Иван Тургенев - Лучшие повести и рассказы о любви в одном томе
Послышалось наконец рокотание колес по мягкой дороге. «Они!» – промолвил Панталеоне и насторожился и выпрямился, не без мгновенной нервической дрожи, которую, однако, поспешил замаскировать восклицанием: брррр! – и замечанием, что сегодняшнее утро довольно свежее. Обильная роса затопляла травы и листья, но зной проникал уже в самый лес.
Оба офицера скоро показались под его сводами; их сопровождал небольшой плотненький человечек с флегматическим, почти заспанным лицом – военный доктор. Он нес в одной руке глиняный кувшин с водою – на всякий случай; сумка с хирургическими инструментами и бинтами болталась на его левом плече. Видно было, что он к подобным экскурсиям привык донельзя; они составляли один из источников его доходов: каждая дуэль приносила ему восемь червонцев – по четыре с каждой из воюющих сторон. Г-н фон Рихтер нес ящик с пистолетами, г-н фон Дёнгоф вертел в руке – вероятно, для «шику» – небольшой хлыстик.
– Панталеоне! – шепнул Санин старику, – если… если меня убьют – все может случиться, – достаньте из моего бокового кармана бумажку – в ней завернут цветок – и отдайте эту бумажку синьоре Джемме. Слышите? Вы обещаетесь?
Старик уныло взглянул на него – и качнул утвердительно головою… Но бог ведает, понял ли он, о чем просил его Санин.
Противники и секунданты обменялись, как водится, поклонами; один доктор даже бровью не повел – и присел, зевая, на траву: «Мне, мол, не до изъявлений рыцарской вежливости». Г-н фон Рихтер предложил г-ну «Тшибадола» выбрать место; г-н «Тшибадола» отвечал, тупо ворочая языком («стенка» в нем опять обрушилась), что: «Действуйте, мол, вы, милостивый государь; я буду наблюдать…»

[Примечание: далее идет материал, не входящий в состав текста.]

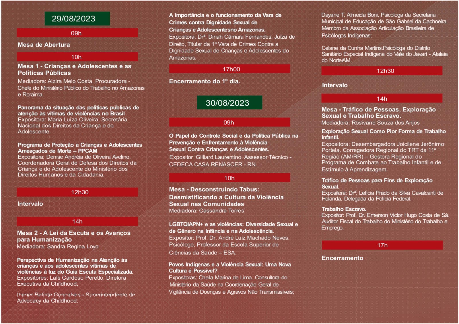 A secretária nacional dos Direitos da Criança e do Adolescente, Maria Luíza Oliveira, é mais uma presença confirmada. Ela ministrará uma palestra com o tema "Panorama da situação das políticas públicas de atenção às vítimas de violências no Brasil". A coordenadora geral de
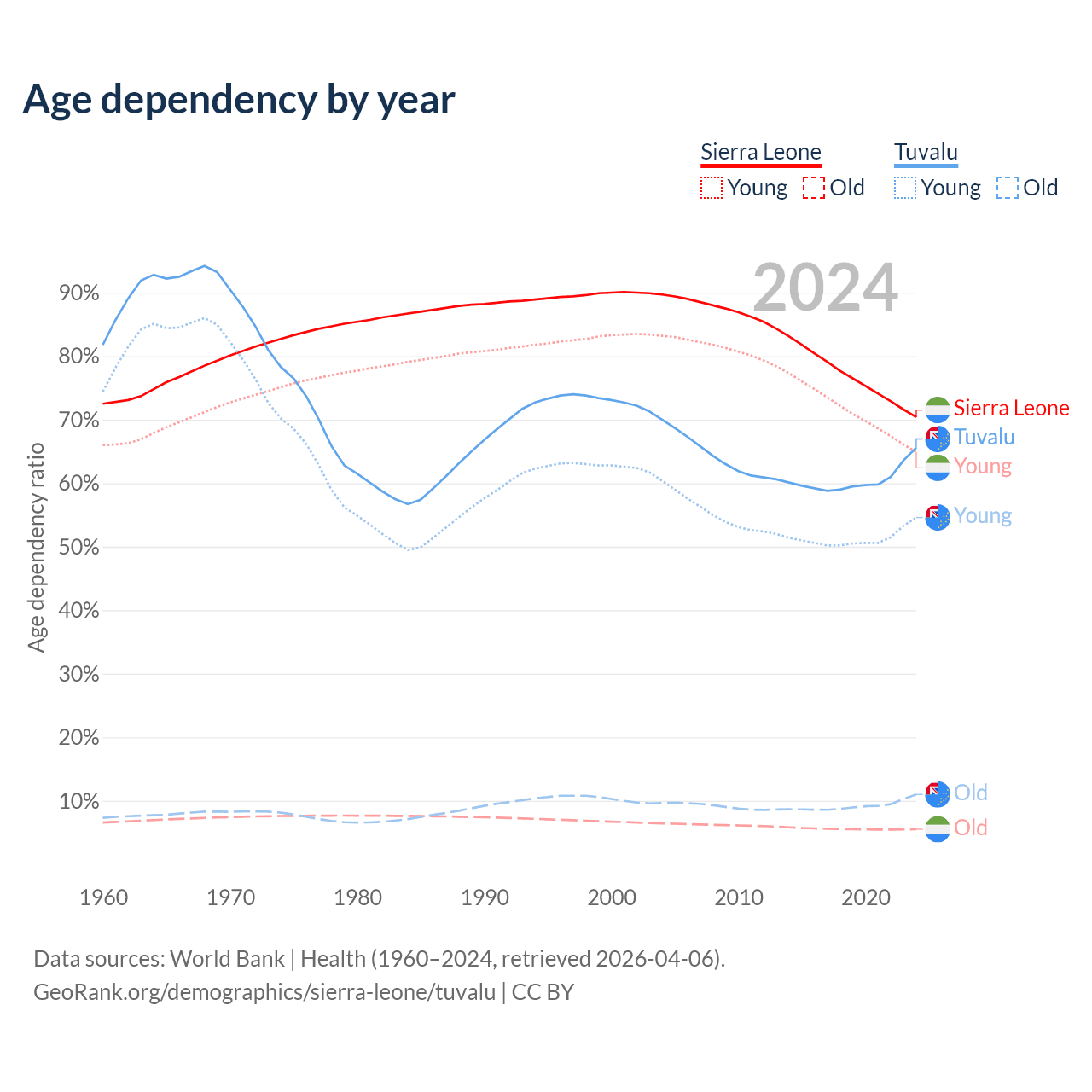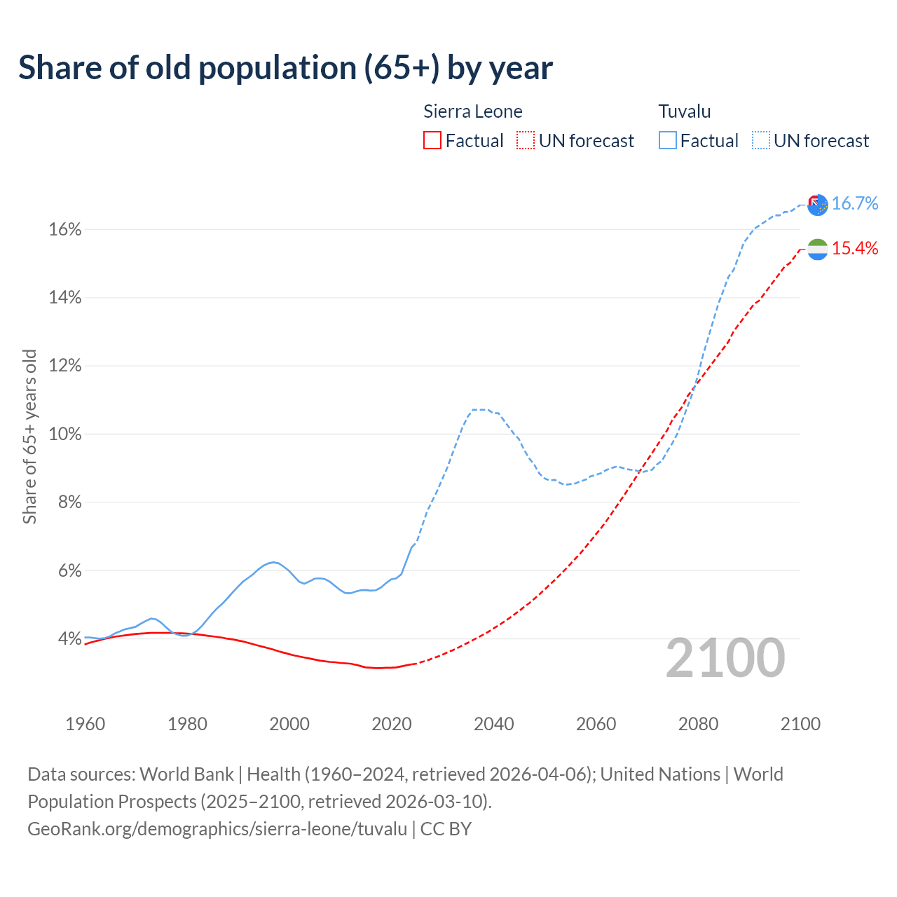 - The share of old-age demographic (65+) in Sierra Leone is 3.24% vs 6.67% in Tuvalu.

И г-н фон Рихтер начал действовать. Отыскал тут же, в лесу, прехорошенькую, всю испещренную цветами, поляну; отмерил шаги, обозначил два крайних пункта оструганными наскоро палочками, достал из ящика пистолеты и, присев на корточки, заколотил пули; словом, трудился и хлопотал изо всех сил, беспрестанно утирая свое вспотевшее лицо белым платочком. Сопровождавший его Панталеоне походил более на озябшего человека. В течение всех этих приготовлений оба противника стояли поодаль, напоминая собою двух наказанных школьников, которые дуются на своих гувернеров.
Настало решительное мгновенье…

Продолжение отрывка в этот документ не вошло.